C’était ce que mettait en lumière un article scientifique publié en 2011. Des chercheurs avaient mesuré avec précision 344 moulages dentaires, en utilisant un scanner laser 3D. La probabilité que deux de ces moulages soient identiques lors de la comparaison de cinq de leurs dents avait été évaluée à moins de une chance sur un million. Mais les chercheurs ont découvert 32 correspondances. Ce qui revient à dire que ce chiffre aurait été encore plus élevé si les mesures avaient été moins précises.
Deuxième question: la trace d’une morsure est-elle fiable?
La deuxième prémisse que les chercheurs ont commencé à remettre en question est celle selon laquelle, peu importe ce qui est mordu, la trace serait bien préservée.

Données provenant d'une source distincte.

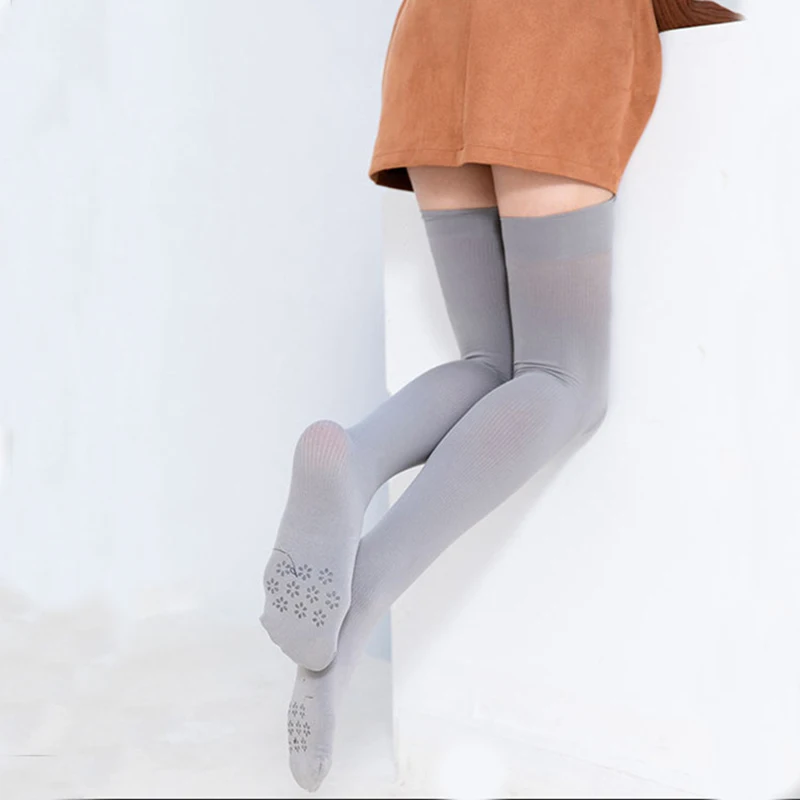 Женские чулки до бедра, одноцветные, ребристые манжеты, Нескользящие, длинные чулки, женские, для улицы, для йоги, спортивный жесткий, гладкие, высокие, эластичные носки
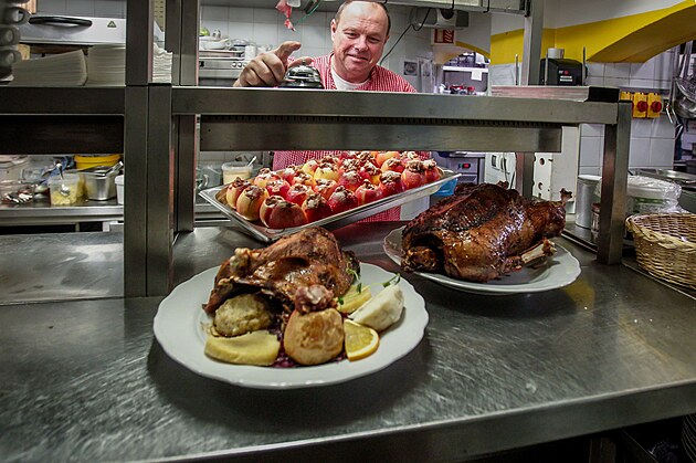 Šéfkuchař Luděk Hauser v Masných krámech v Českých Budějovicích připravuje na stůl svatomartinskou husu. Ve známé restauraci měli už koncem pracovního týdne stovky rezervací.
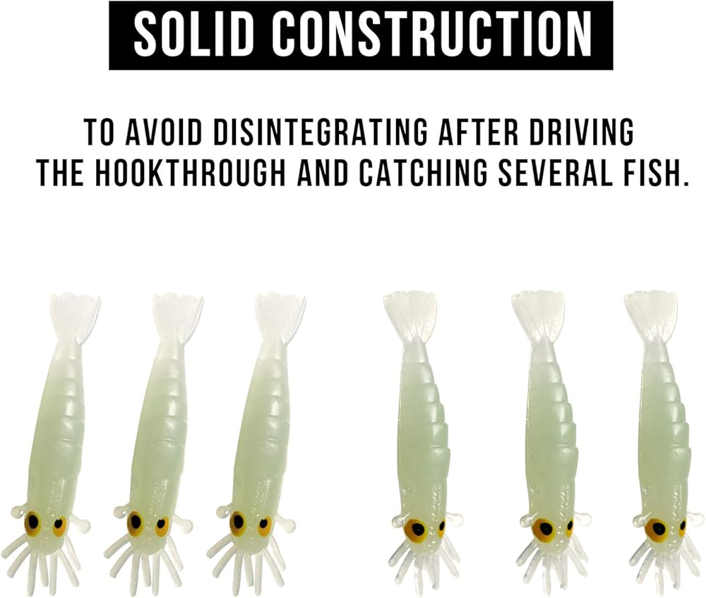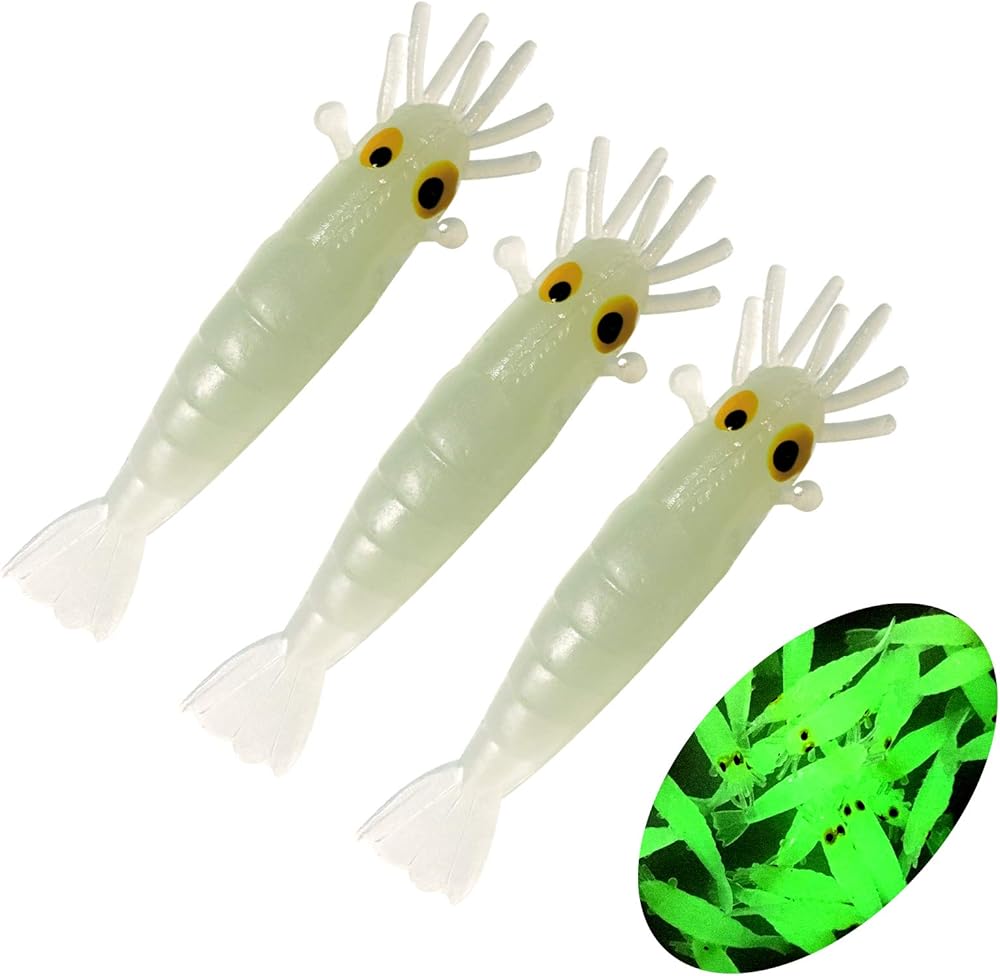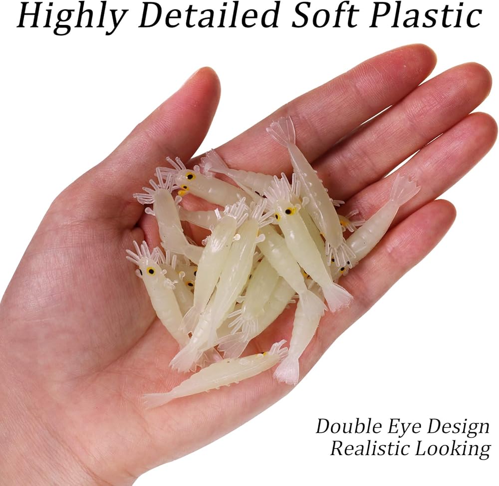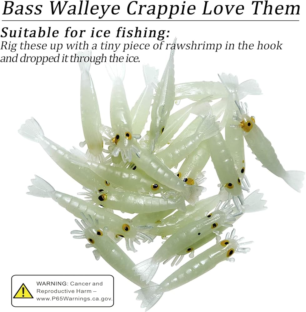 طُعم صيد السمك المتوهج في الظلام من QualyQualy، طُعم الروبيان المتوهج، طُعم الصيد الليلي، طُعم الصيد على الجليد من أجل Crappie Walleye Bass Trout 54 قطعة/50 قطعة

Or, une trace de morsure sur la peau n’est pas comme une trace de morsure dans le plâtre dentaire. La peau est vivante et élastique. La forme et la taille des muscles et des réserves de gras, la courbure de la peau, sa souplesse, la présence de fluide en-dessous, les mouvements de la victime durant l’attaque, les ecchymoses qui suivent, tous ces facteurs affectent la manière dont les traces de dents seront préservées dans la peau. En fait, le rapport de l’Académie nationale des sciences souligne que, lorsque des traces de dents sont créées en laboratoire, la peau les déforme avec tant de variations que leur comparaison ne peut pas admettre ou rejeter un suspect de manière fiable.

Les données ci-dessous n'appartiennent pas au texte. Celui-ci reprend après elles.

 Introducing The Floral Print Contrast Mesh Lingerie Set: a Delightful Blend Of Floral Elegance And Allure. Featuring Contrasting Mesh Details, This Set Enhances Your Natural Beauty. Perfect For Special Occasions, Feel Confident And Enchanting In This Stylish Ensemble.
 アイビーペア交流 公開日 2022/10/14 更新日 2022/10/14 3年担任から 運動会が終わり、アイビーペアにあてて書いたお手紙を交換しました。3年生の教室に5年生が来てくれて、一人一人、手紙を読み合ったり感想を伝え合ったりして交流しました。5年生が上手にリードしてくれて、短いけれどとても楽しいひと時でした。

Ce document a ouvert la voie au regroupement des conseillers sur la science et la technologie du président des États-Unis, qui a publié un rapport en 2016. Se penchant sur les comparaisons de marques de dents, le rapport conclut que celles-ci sont « loin d’atteindre les standards scientifiques qui en valideraient ses fondements. » Seul un petit pourcentage des articles scientifiques rapporte de véritables expériences en laboratoire; les autres sont des études de cas. On qualifie même de faible l’espoir qu’une science réelle émerge. « Nous recommandons de ne pas consacrer de ressources significatives à ces efforts. »
Quand l’exception devient la règle
« Ironiquement » commençait en 2016 une mise en contexte historique de la littérature sur le sujet, « ce ne sont pas les dentistes qui ont convaincu les tribunaux qu’ils étaient capables d’identifier la provenance de marques de dents, mais bien les tribunaux eux-mêmes qui ont convaincu les dentistes médico-légaux qu’ils étaient capables de faire ce dont, jusqu’à ce jour, ils avaient douté. »
Parce que le système juridique repose en partie sur des précédents, le fait d’avoir utilisé des traces de morsures dans le passé —comme le cas du mangeur de fromage mentionné plus haut— a suffi pour qu’elles soient encore utilisées aujourd’hui.
Une étude dès 1975 rapportait qu’une correspondance sur quatre était inexacte. Cette fraction s’élevait à neuf sur dix lorsque les morsures étaient photographiées 24 heures plus tard. Plus prudente, une étude en 2001 estimait le taux de fausses correspondances entre 11,9 et 22%.
L’Innocence Project, consacré à l’exonération par tests d’ADN de gens condamnés à tort, rapporte qu’au moins 26 personnes aux États-Unis ont été condamnées, arrêtées ou accusées à tort, à cause d’une comparaison de marques de dents.